If future mechanism research can pin down what's biologically happening around a person during emotional shifts, it could eventually help science understand why techniques like tapping affect the body the way they do — though this single case is a mechanism curiosity, not evidence of a treatment effect on people generally. Understanding that mechanism would carry extra weight given that tapping is already self-administered by so many people without any lab confirming what's going on inside them.
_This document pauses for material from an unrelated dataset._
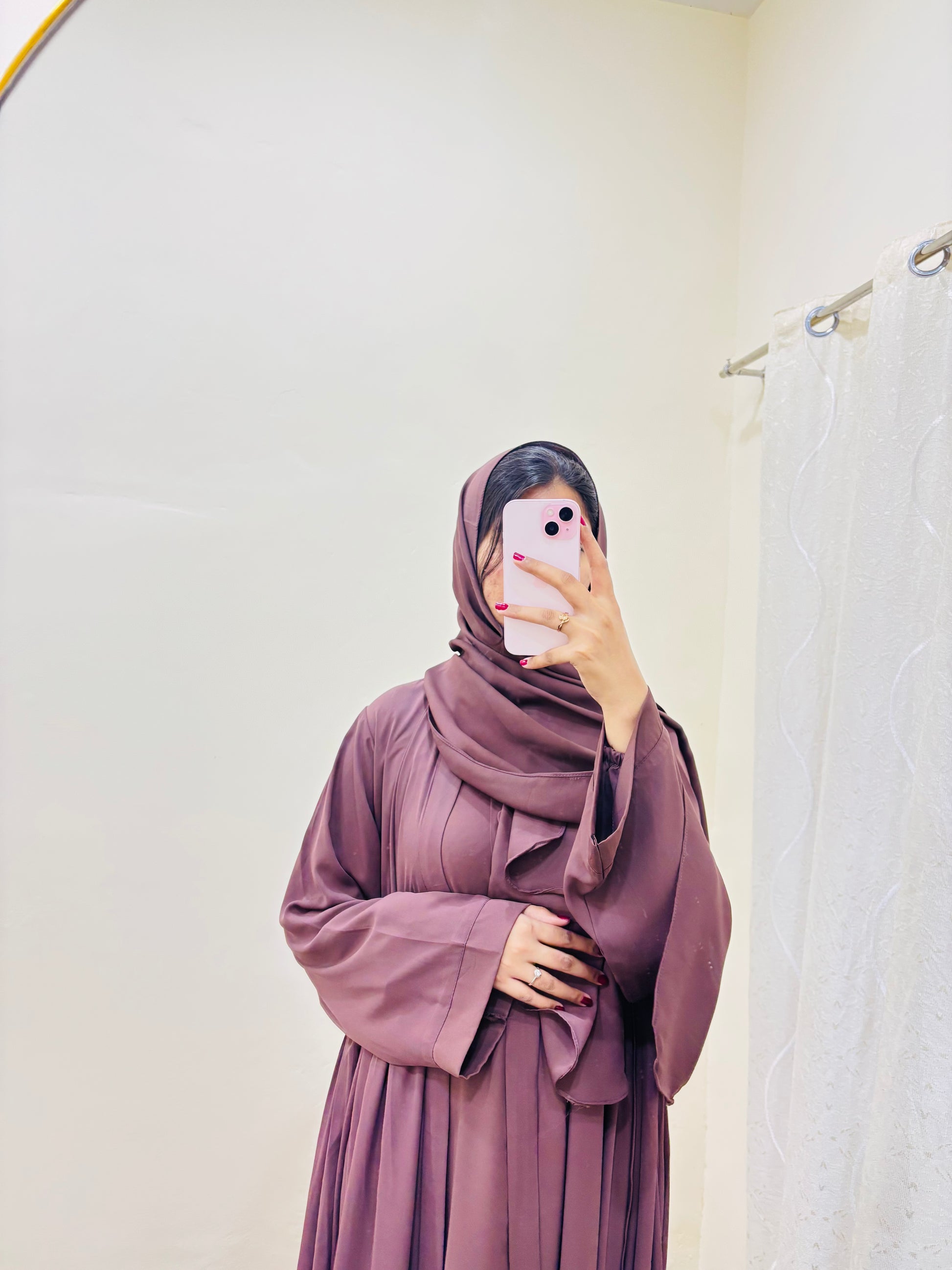 Grace meets elegance in this pastel frock-style abaya, designed with a modern front-open silhouette and crafted in two flowing layers for a regal, graceful drape. The soft pastel tone exudes sophistication, while the layered design adds depth, volume, and a couture-inspired charm.

This is a single case using an unusual proxy, seeds held by the patient germinating differently after her mood improved, so the obvious next step is running the same protocol across many more patients with simultaneous standard biomarkers (cortisol, inflammatory panels, heart rate variability) to see whether the seed-growth signal actually tracks known measures of physiological stress, or whether it's a novel channel worth investigating on its own. Any biological signal that changes measurably with a person's emotional state is worth cross-checking with more conventional instruments like EEG or HRV monitors before treating the seed bioassay as meaningful by itself.
| Design | Case series |
|---|---|
| Participants | 1 people |
| Population | a single 42-year-old female patient with major depressive disorder, tested via seed bioassay proxy |
| Comparison group | untreated control seeds and pretreatment seeds |
| Outcome measures | Beck Depression Inventory (BDI), seed germination and root hair growth rates |
| Journal | Psychology |
| Year | 2023 |
| Country | United States |
| Language | English |
| Method | EFT / tapping |
| Publication type | Study / trial |
| Verification | ✓ Confirmed against the primary source |
Church, D. (2023). Measuring the Effect of Clinical Emotional Freedom Techniques (EFT) Treatment for Depression Using a Seed Bioassay: A Randomized Controlled Trial. Psychology. https://doi.org/10.4236/psych.2023.1411098
This record is part of the Tapping Evidence Base — an openly-sourced, fully-referenced directory of the research on EFT/tapping. Explore more studies on Depression · How It Works (Biology)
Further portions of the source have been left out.